Eventually our beloved local factory closed, I lucked into a seat at Nokia House Irving days before my employment ended, and everything changed.

Suddenly I was flying to Finland after all.  I was fortunate to wind up with a great travel mentor in colleague (and eventual great boss) Chris Loney, and that helped.  By my third trip I was a practical Finn.  From moi to kiitos to anteeksi, I am a stupid monolingual American, I could navigate my way through essential conversation and Helsinki City Centre.  You learn to later grin at your own ignorance when you find the great Czech restaurant you had been calling Ravintola is really named Vltava, and that ravintola means restaurant (which, trust me, will confuse the hell out of your Finnish friends when you explain how good the food was and they try to pin you down on details).  Oh, and Virgin Oil Company rocks.  Stockmann, not so much (too expensive).

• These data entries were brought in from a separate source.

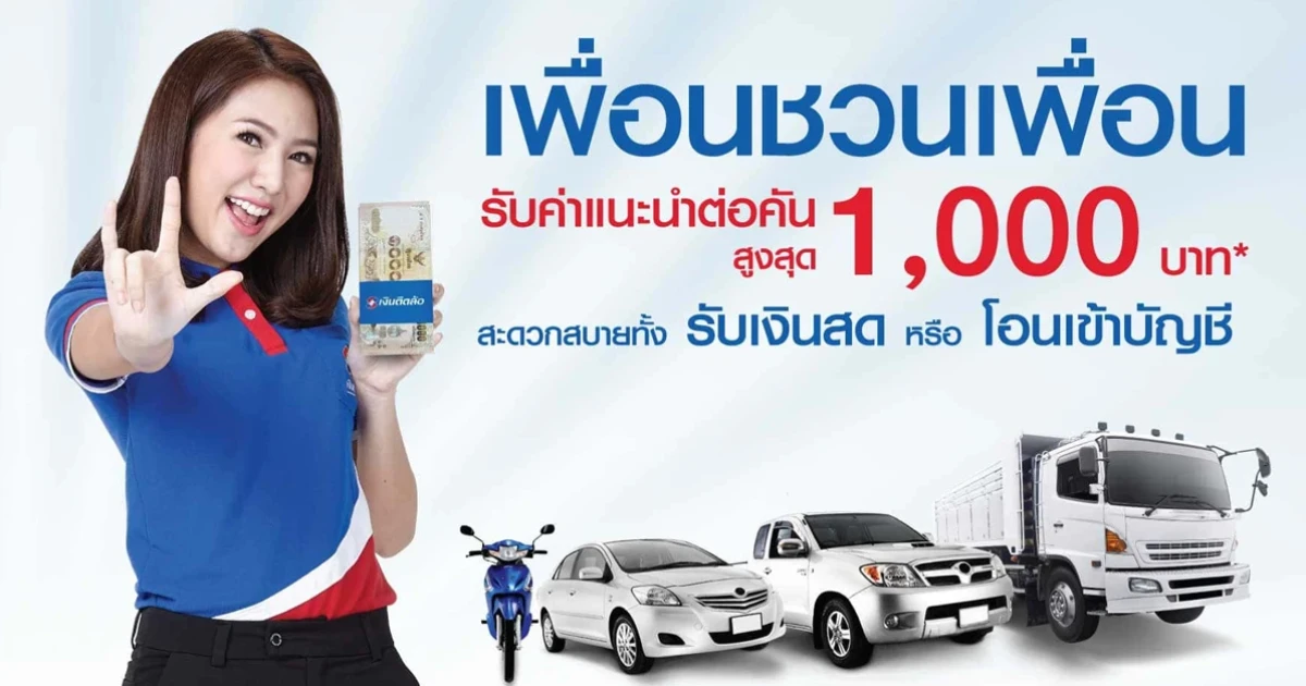 เพื่อนชวนเพื่อนขอสินเชื่อทะเบียน รับค่าแนะนำต่อคันสูงสุด 1,000 บาท จากเงินติดล้อ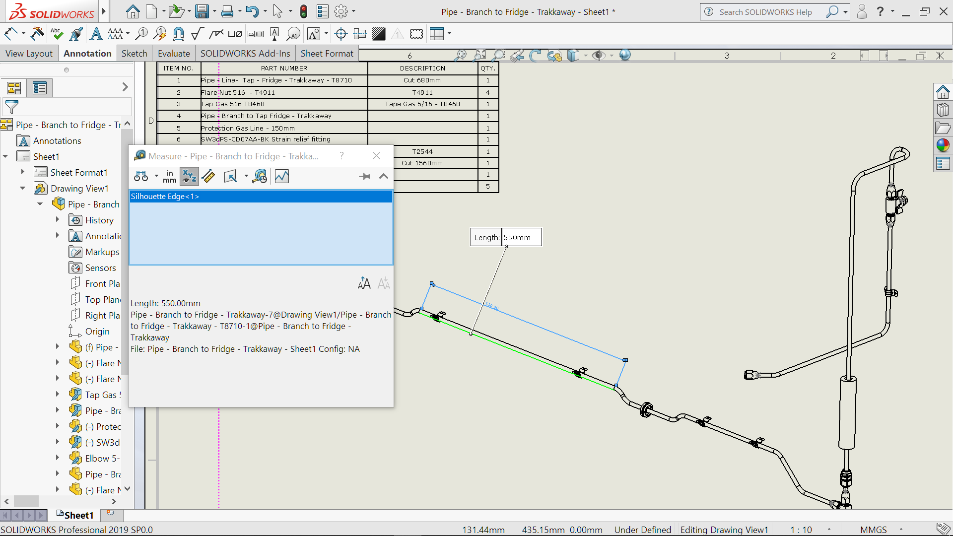 SOLIDWORKS 2019 see’s a small but significant enhancement to the Measure tool. The measure tool is now available for all SOLIDWORKS tools and can be used with parts, assemblies, and drawing files. More importantly is that it is now available even while other tools are active.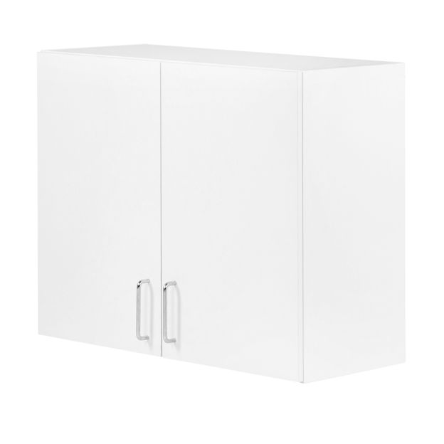 Armário superior em MDF (Medium Density Fiberboard) revestido com laminado melamínico de baixa pressão, com bordas em PVC. Possui 2 portas e 2 nichos, sendo a prateleira regulável.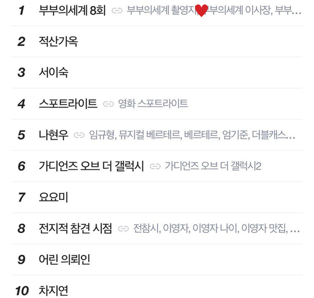 Trong tối ngày 18/4, nếu như Quân Vương Bất Diệt gần như "biệt tăm" khỏi BXH từ khóa tìm kiếm real-time trên cổng thông tin Naver, từ khóa "tập 8 Thế Giới Hôn Nhân" đã dần leo top từ khi chưa lên sóng và hiện giờ đang đứng vững ngôi đầu bảng dù đã quá nửa đêm tại Hàn. Với những tình tiết gây sang chấn tinh thần, căng thẳng cực độ trong "drama" hôn nhân của cặp vợ chồng Sun Woo (Kim Hee Ae) và Tae Oh (Park Hae Joon), Thế Giới Hôn Nhân có lẽ đang nhận được sự chú ý của khán giả Hàn nhiều hơn hẳn.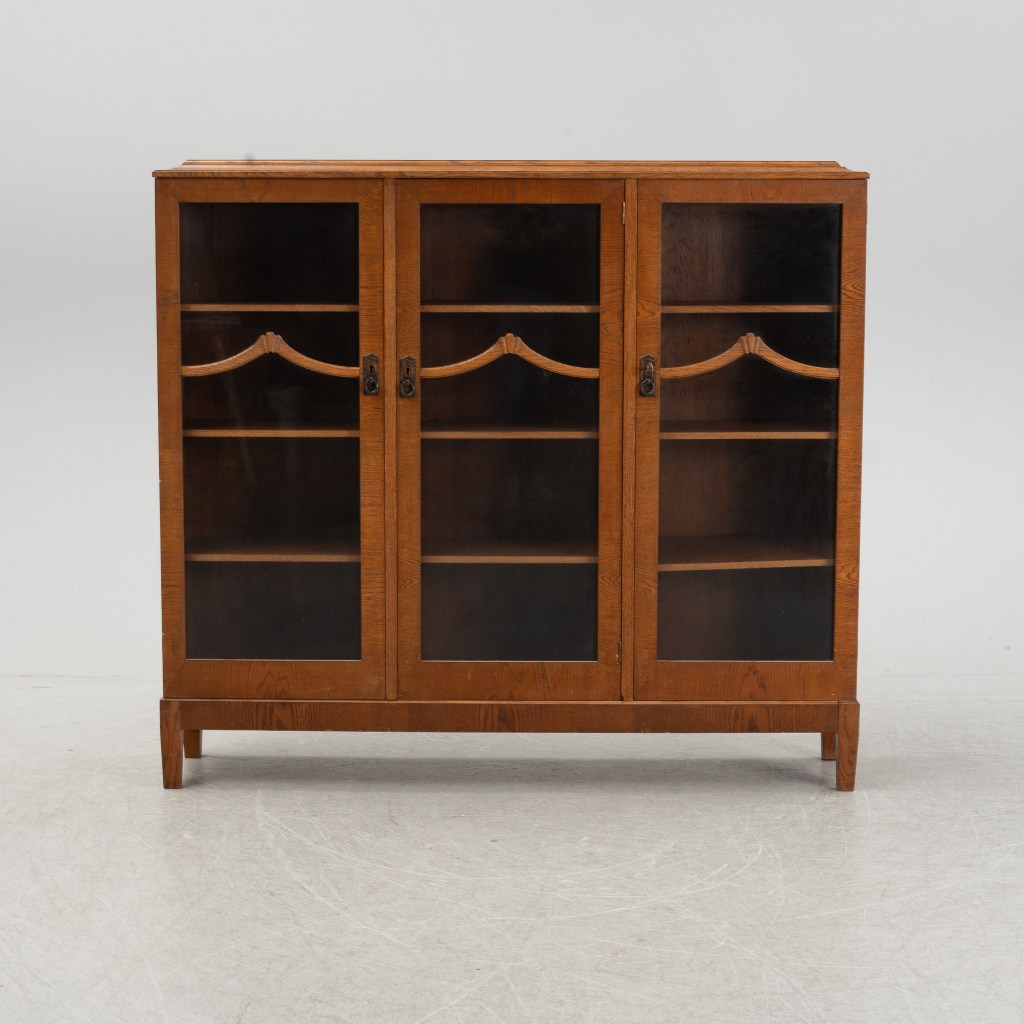 6. Bokskåp. Från Aktiebolaget Ekmöbler, Virserum, 1930-tal. Ek. Tre glasade dörrar framför hyllinredning. Utrop 4 000 kr hos Bukowskis, sålt för 2 400 kr.
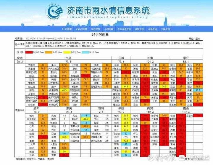 济南市雨水情信息系统显示,济南市区24小时平均降雨量为79.5毫米,历城24小时平均降雨量为77.6毫米,长清24小时平均降雨量为104.2毫米,章丘24小时平均降雨量为85.1毫米,济阳24小时平均降雨量为78.9毫米,南山24小时平均降雨量为137.4毫米,商河24小时平均降雨量为142.4毫米,这些地方24小时平均降雨量均达到了暴雨级别。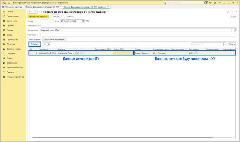 2) Создать документ «Правило формирования операций УУ» - в созданном документе добавить строку с правилом – Заполнить данные источника в БУ: Выбрать Контрагента (или Физическое лицо) - Выбрать договор – Далее заполнить данные, которые будут заполнены в УУ: Выбрать Проект – Выбрать Финансовую статью – Выбрать Дату начала (а если нужно ограничить действие правила, то выбрать Дату окончания).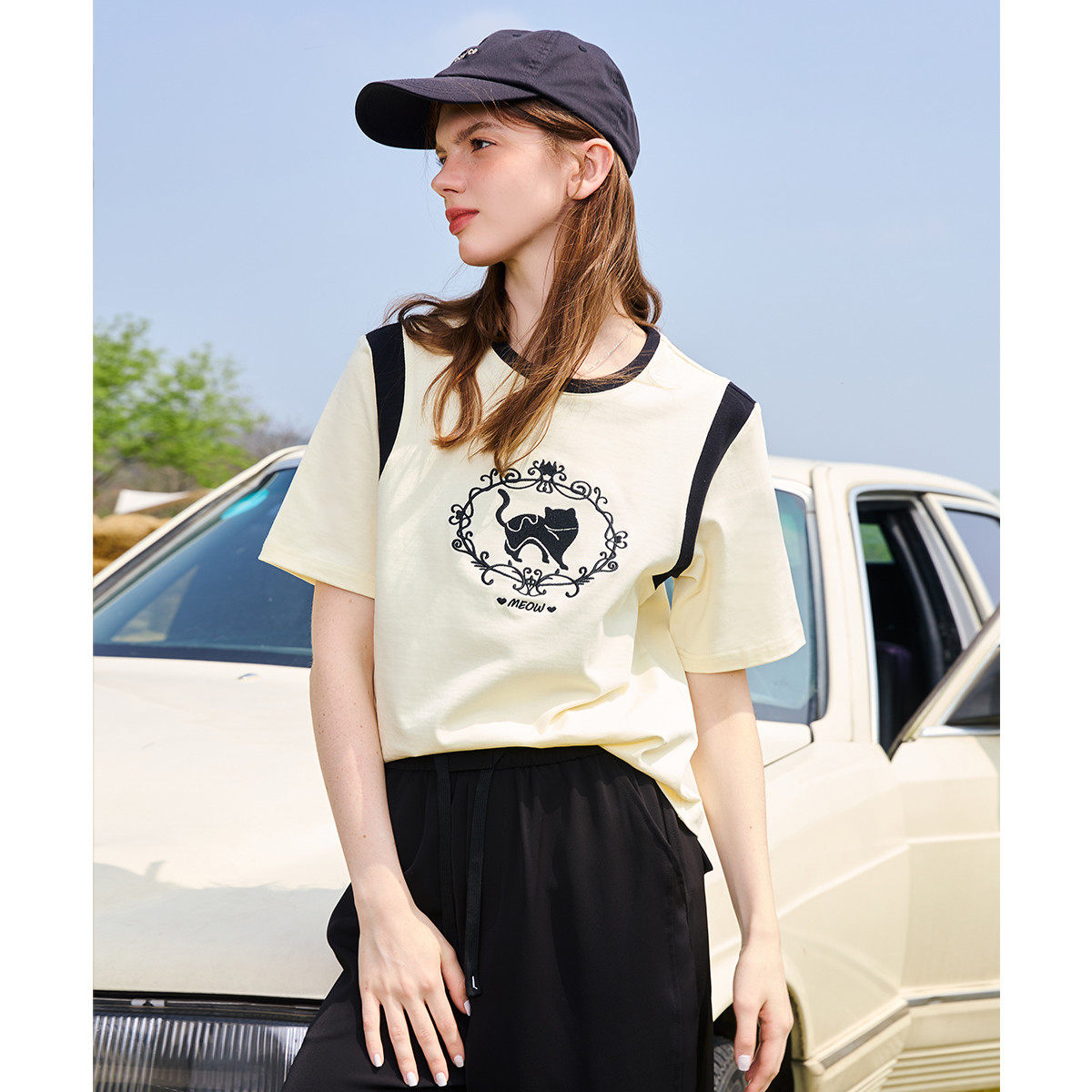 【复古情怀】夏季圆领条纹撞色短袖t恤女刺绣时髦舒适女式t恤 912065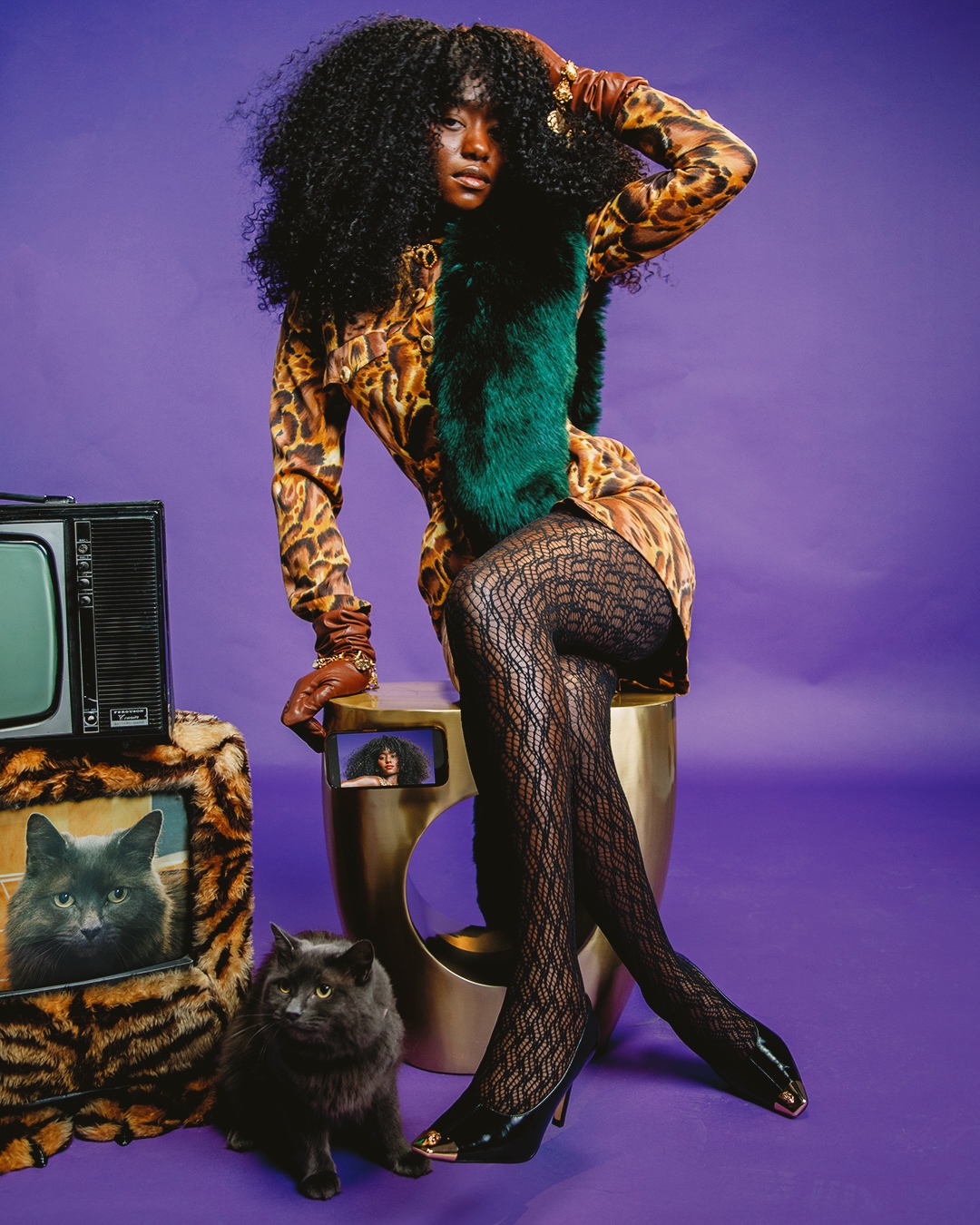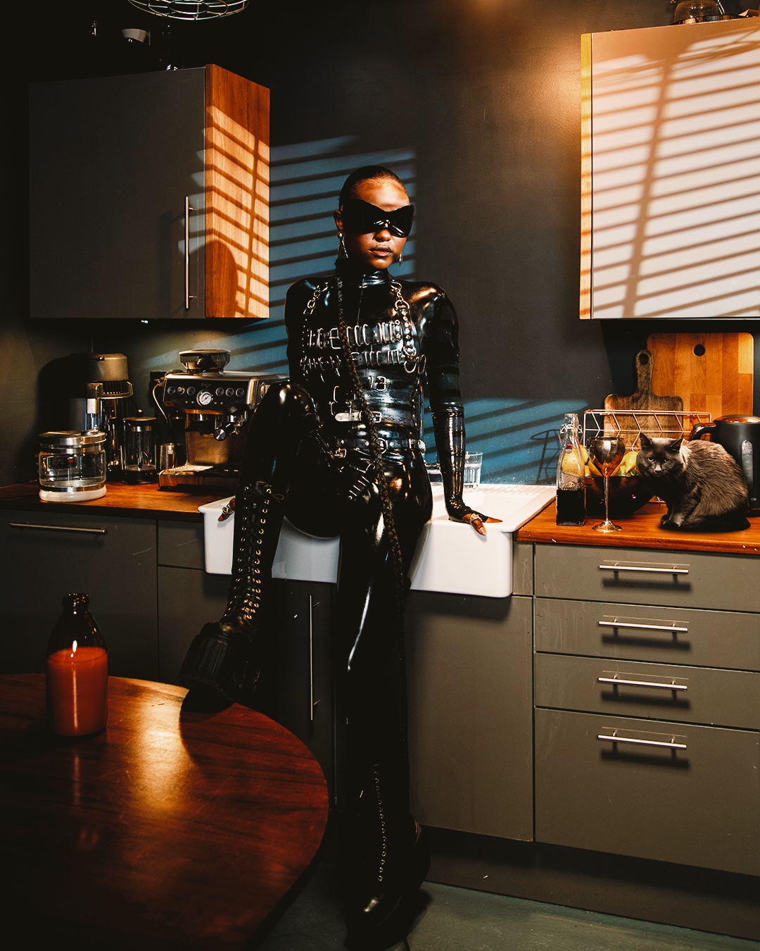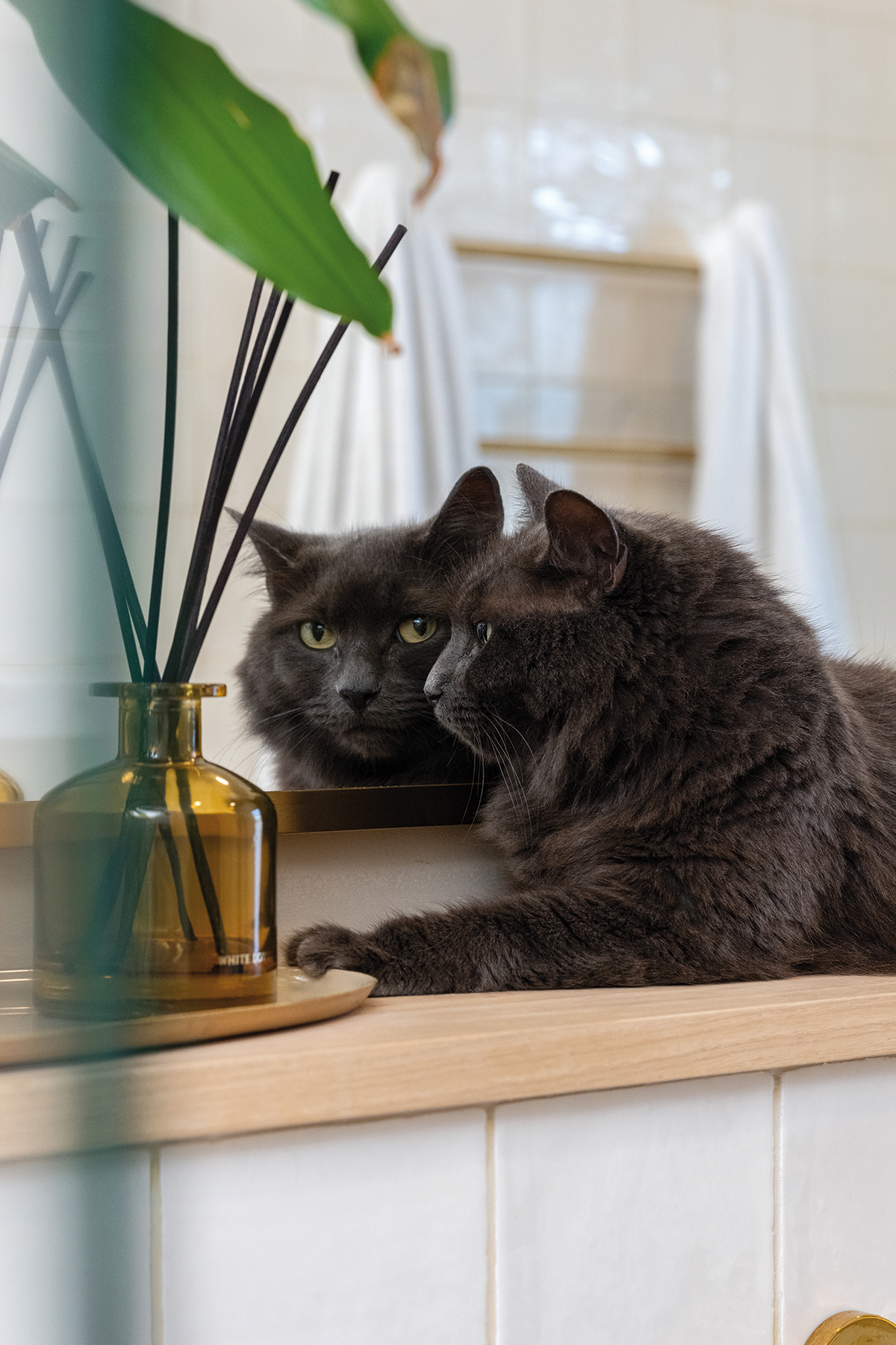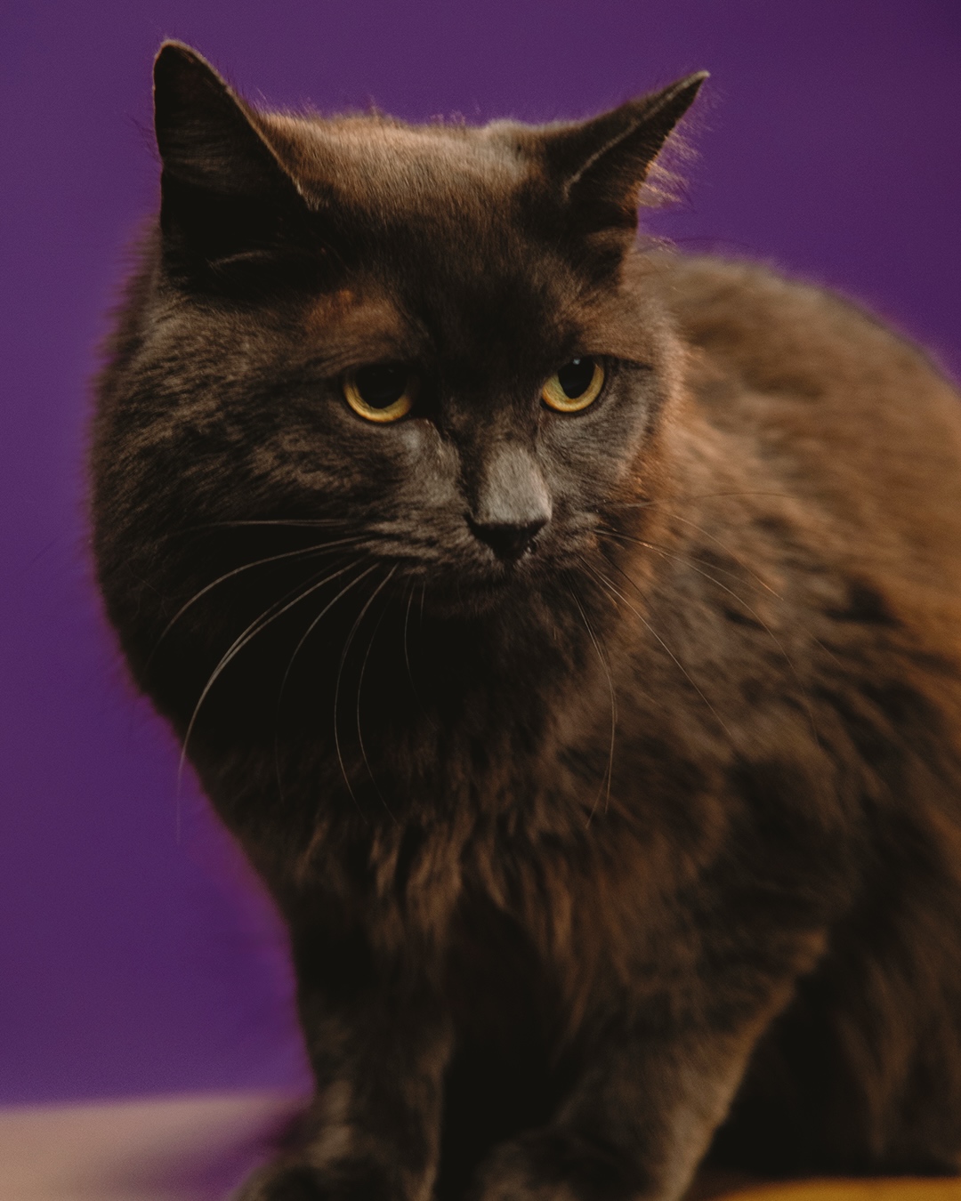 Dusty shines brightest when placed in a photo setting where she can express her natural charm. Grounded and mobile, this trained moggy cat for hire thrives in commercial settings, where she can move freely and showcase her dynamic personality.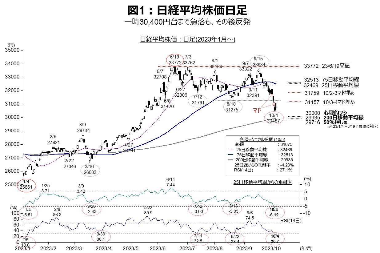 今週のチャート分析 日経平均一時30,400円台、米10年債利回り一時4.8%台にFINTOS! フィントス! 野村證券の投資情報。

The real problem was that in this new, global role I was required to talk In Front Of People.  Strange and different people.  Important people.

And I realized, with an amazement that made me wonder if I really knew me, that it was actually thrilling.

Don’t get me wrong.  The fear was still there.  Every time I had to cross Charles de Gaulle airport in an hour or less (usually failing) despite one line for all of Customs.  Every time I had to offer my assessment on a worldwide delivery network I didn’t yet fully understand.  Every time I had to eat with my team at a nice restaurant (sorry, ravintola)… knowing alcohol would be served, I would drink it to overcome my introversion, and then carry on like a glib idiot to the embarrassment of my more reserved Finnish hosts.

Americans!

Talking in front of people in Tampere

Anyway, as my time in that last Nokia role grew, I had to meet and get in front of even more people.  I had to communicate with Vice Presidents.  I had to train unknown colleagues.  And I came to actually love it.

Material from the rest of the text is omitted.